╔══

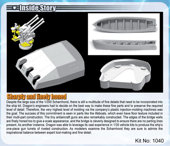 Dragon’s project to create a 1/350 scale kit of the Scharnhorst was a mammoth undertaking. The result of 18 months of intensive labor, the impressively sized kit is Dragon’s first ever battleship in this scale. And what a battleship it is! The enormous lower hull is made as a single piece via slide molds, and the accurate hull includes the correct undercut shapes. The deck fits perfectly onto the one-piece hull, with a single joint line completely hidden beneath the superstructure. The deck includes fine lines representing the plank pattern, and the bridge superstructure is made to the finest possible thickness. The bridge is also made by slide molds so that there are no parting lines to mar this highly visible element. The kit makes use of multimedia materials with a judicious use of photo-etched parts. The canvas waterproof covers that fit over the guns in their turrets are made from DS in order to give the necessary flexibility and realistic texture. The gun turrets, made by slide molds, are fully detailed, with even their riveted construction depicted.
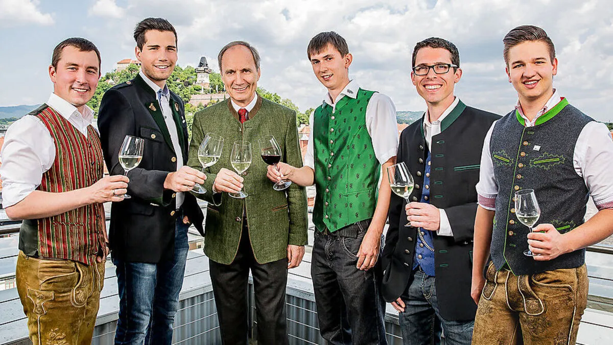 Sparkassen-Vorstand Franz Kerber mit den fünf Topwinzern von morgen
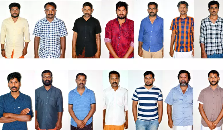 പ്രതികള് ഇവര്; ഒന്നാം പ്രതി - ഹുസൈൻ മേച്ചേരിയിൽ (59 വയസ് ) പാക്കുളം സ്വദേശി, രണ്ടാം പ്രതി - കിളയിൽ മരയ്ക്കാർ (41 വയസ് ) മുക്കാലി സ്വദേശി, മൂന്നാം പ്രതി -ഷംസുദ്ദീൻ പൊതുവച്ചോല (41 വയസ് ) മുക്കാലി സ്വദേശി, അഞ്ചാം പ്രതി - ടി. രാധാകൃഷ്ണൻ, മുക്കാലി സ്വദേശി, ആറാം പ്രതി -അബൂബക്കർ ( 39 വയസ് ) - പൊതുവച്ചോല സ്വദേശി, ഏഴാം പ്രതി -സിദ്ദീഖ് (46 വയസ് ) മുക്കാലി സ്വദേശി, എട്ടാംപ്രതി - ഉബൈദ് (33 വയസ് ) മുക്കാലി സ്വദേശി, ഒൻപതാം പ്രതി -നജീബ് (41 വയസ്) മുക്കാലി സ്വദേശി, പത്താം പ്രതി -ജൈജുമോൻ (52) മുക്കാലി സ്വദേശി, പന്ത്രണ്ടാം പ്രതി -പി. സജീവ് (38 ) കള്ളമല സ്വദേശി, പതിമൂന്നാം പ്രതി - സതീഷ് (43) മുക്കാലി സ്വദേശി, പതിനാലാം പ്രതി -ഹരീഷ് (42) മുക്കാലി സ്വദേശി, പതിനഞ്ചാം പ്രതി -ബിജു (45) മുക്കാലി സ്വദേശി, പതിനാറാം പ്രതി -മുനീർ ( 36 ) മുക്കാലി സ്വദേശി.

╚══
╔══

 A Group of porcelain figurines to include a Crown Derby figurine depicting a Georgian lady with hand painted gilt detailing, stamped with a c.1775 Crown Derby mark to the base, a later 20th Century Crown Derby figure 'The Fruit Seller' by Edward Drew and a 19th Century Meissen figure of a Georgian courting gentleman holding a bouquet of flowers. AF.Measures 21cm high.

╚══

▶ **EXERCISE DESCRIPTION**:
Each line between the one holding "Sparkassen-Vorstand Franz Kerber" and the one holding "പ്രതികള് ഇവര്; ഒന്നാം", inclusive, should be copied exactly as it appears above, and pictures should be omitted.

▶ **OUTPUT OF THE TASK**:
 Sparkassen-Vorstand Franz Kerber mit den fünf Topwinzern von morgen
 പ്രതികള് ഇവര്; ഒന്നാം പ്രതി - ഹുസൈൻ മേച്ചേരിയിൽ (59 വയസ് ) പാക്കുളം സ്വദേശി, രണ്ടാം പ്രതി - കിളയിൽ മരയ്ക്കാർ (41 വയസ് ) മുക്കാലി സ്വദേശി, മൂന്നാം പ്രതി -ഷംസുദ്ദീൻ പൊതുവച്ചോല (41 വയസ് ) മുക്കാലി സ്വദേശി, അഞ്ചാം പ്രതി - ടി. രാധാകൃഷ്ണൻ, മുക്കാലി സ്വദേശി, ആറാം പ്രതി -അബൂബക്കർ ( 39 വയസ് ) - പൊതുവച്ചോല സ്വദേശി, ഏഴാം പ്രതി -സിദ്ദീഖ് (46 വയസ് ) മുക്കാലി സ്വദേശി, എട്ടാംപ്രതി - ഉബൈദ് (33 വയസ് ) മുക്കാലി സ്വദേശി, ഒൻപതാം പ്രതി -നജീബ് (41 വയസ്) മുക്കാലി സ്വദേശി, പത്താം പ്രതി -ജൈജുമോൻ (52) മുക്കാലി സ്വദേശി, പന്ത്രണ്ടാം പ്രതി -പി. സജീവ് (38 ) കള്ളമല സ്വദേശി, പതിമൂന്നാം പ്രതി - സതീഷ് (43) മുക്കാലി സ്വദേശി, പതിനാലാം പ്രതി -ഹരീഷ് (42) മുക്കാലി സ്വദേശി, പതിനഞ്ചാം പ്രതി -ബിജു (45) മുക്കാലി സ്വദേശി, പതിനാറാം പ്രതി -മുനീർ ( 36 ) മുക്കാലി സ്വദേശി.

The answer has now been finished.